Students of my generation will remember what we learned about how the European Central Bank conducts monetary policy: The ECB makes one-week loans to commercial banks against top-rated collateral. This was called “Main Refinancing Operations”. The interest rate charged on these loans was known as the Main Refinancing Rate and was considered the key policy rate of the ECB, like the Fed Funds Rate in the United States. Then we learned something about Marginal Lending Facilities and Long-Term Refinancing Operations, but were told they were relatively unimportant.

This was indeed how the ECB operated – before 2009. Since then the ECB has changed its operations. It seems to me that the radical nature of this change has not been recognized enough by economists – let alone the general public.

Look at the chart below. It shows the assets held by the ECB system for purposes of monetary policy operations. The Main Refinancing Operations (the yellow area) have disappeared. In 2019 they constituted a mere 0.25% of the total monetary-policy related assets! The Long-Term Refinancing Operations (blue area) have replaced them and make up about 20% of the total now.

But the elephant in the room is the grey area that first appears in 2009 and then explodes after 2014. The ECB labels it “Securities held for monetary policy purposes”. What are those securities? Government bonds and a couple of corporate bonds as well. The ECB started to buy them with the “Securities Market Program” in 2009 and hugely expanded the purchases with the “Public Sector Purchase Program” in 2015. Last year, the ECB system held 2.6 trillion of assets in relationship with those programs. That is more than 80% of their total policy-related assets.

This means that the ECB of our old textbooks, the ECB that was envisioned by the founders of the euro, has ceased to exist. It has been replaced by an altogether different beast. The primary way in which the ECB conducts monetary policy these days consists in buying Eurozone government bonds in the open market.

This has made the ECB the single biggest lender to Eurozone governments.
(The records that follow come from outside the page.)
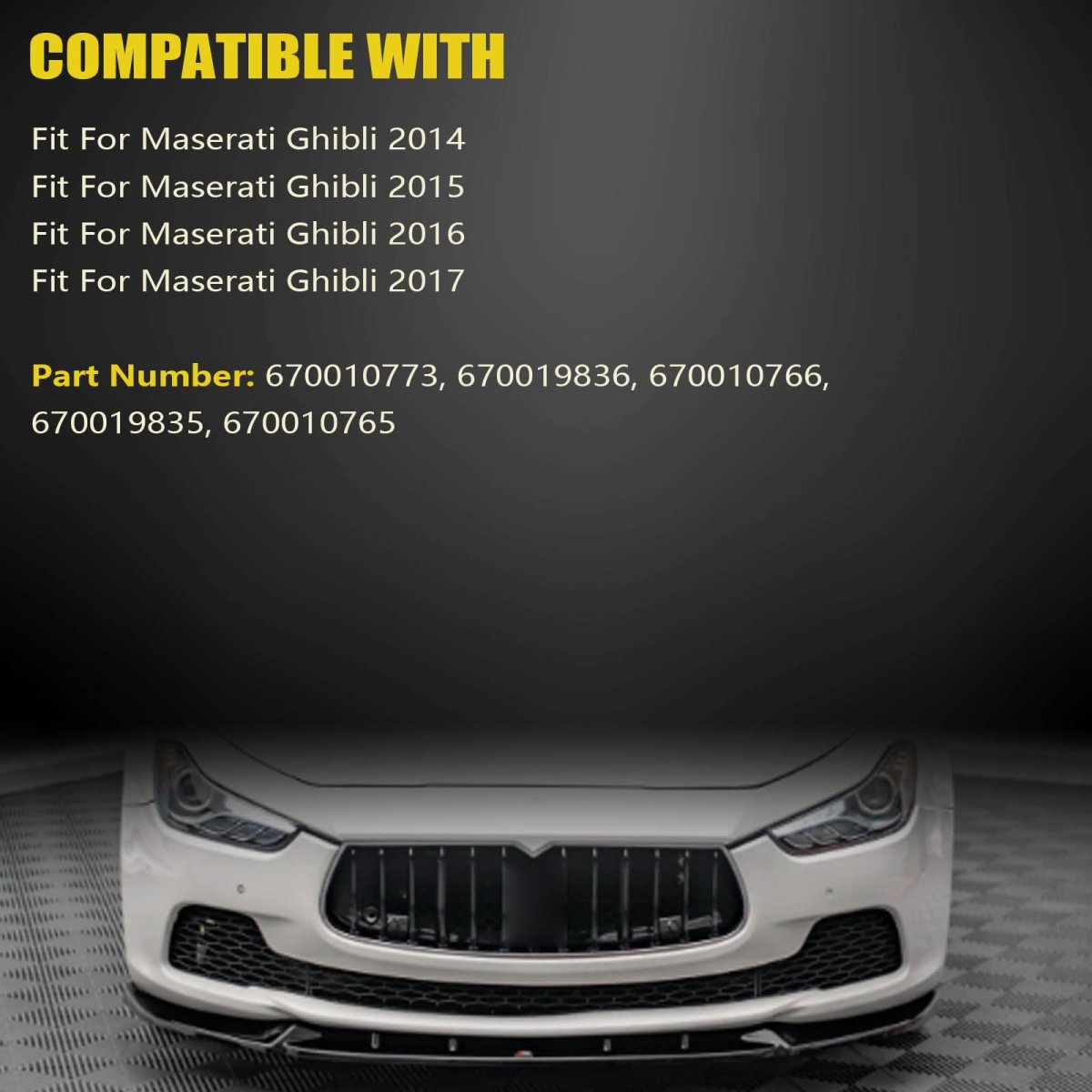FitmentCompatible with Maserati Ghibli 2014 2015 2016 2017.. Package Include3PCS Front Bumper Grill..
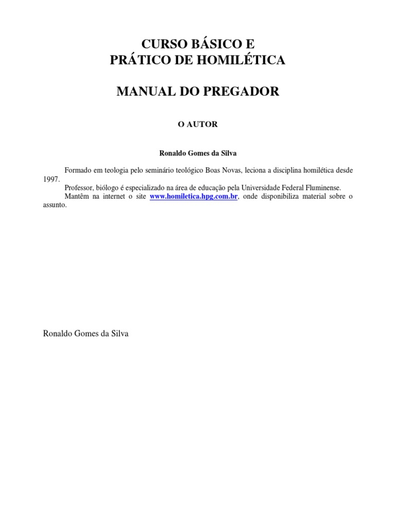 conceitos pomposos. Na verdade é um manual, que mescla a formalidade da homilética com a
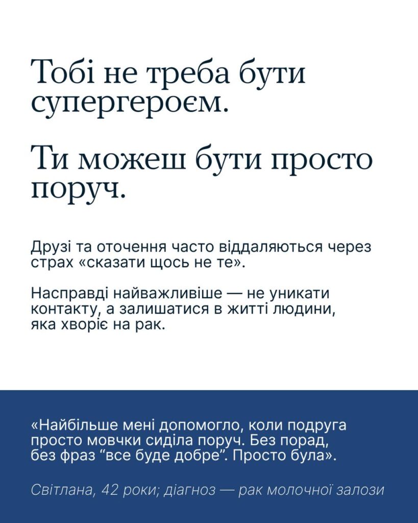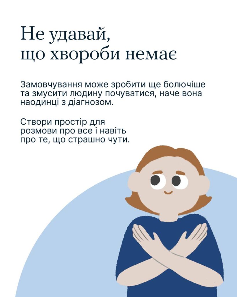 Спільно з БФ «Місія Харків» Всеукраїнська програма ментального здоров’я «Ти як?» підготувала рекомендації для тих, хто хоче бути поруч і підтримати близьку людину у боротьбі з онкологічним захворюванням: як діяти, що говорити, аби не завдати болю та бути справжньою опорою.
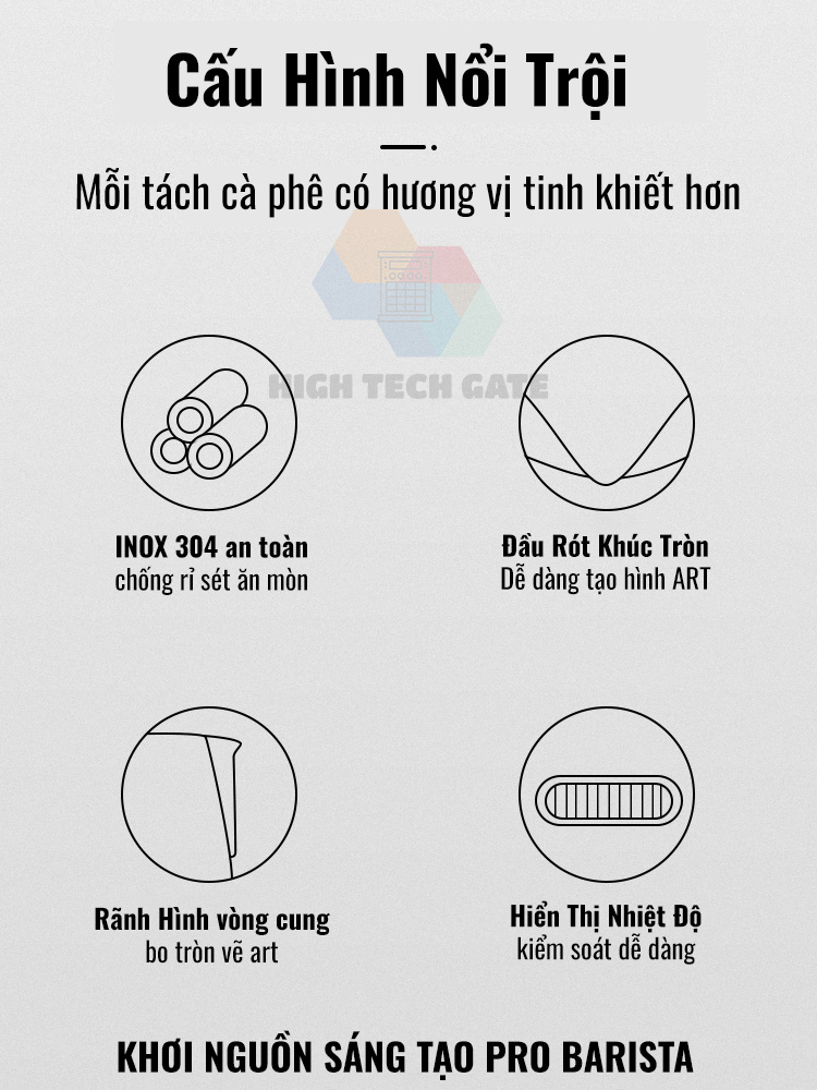 Ca đánh sữa inox HighTechGate 600ml MP60, tạo bọt sữa có cảm biến nhiệt độ thông minh

As I showed in my last post, 91% of all new government debt issued after 2010 is now being held by the ECB. It resembles a 3.2 trillion euro hedge fund, financed by short-term commercial bank deposits (aka “reserves”), holding a diversified portfolio of Eurozone government bonds. The equity owners of this fund are the Eurozone government themselves: they “own” the ECB, they are responsible for replenishing its equity if and when it is deemed necessary.

One implication of this radical transformation should be immediately obvious: Eurozone governments have in effect mutualized 91% of their post-2009 debt. Whenever a Eurozone government defaults on the bonds held by the ECB, the losses would be absorbed, eventually, by the other Eurozone governments.

I’m not saying that’s a bad thing or a good thing. I’m not saying it is illegal or legal. But nobody should delude themselves or others that this is not what has been happing.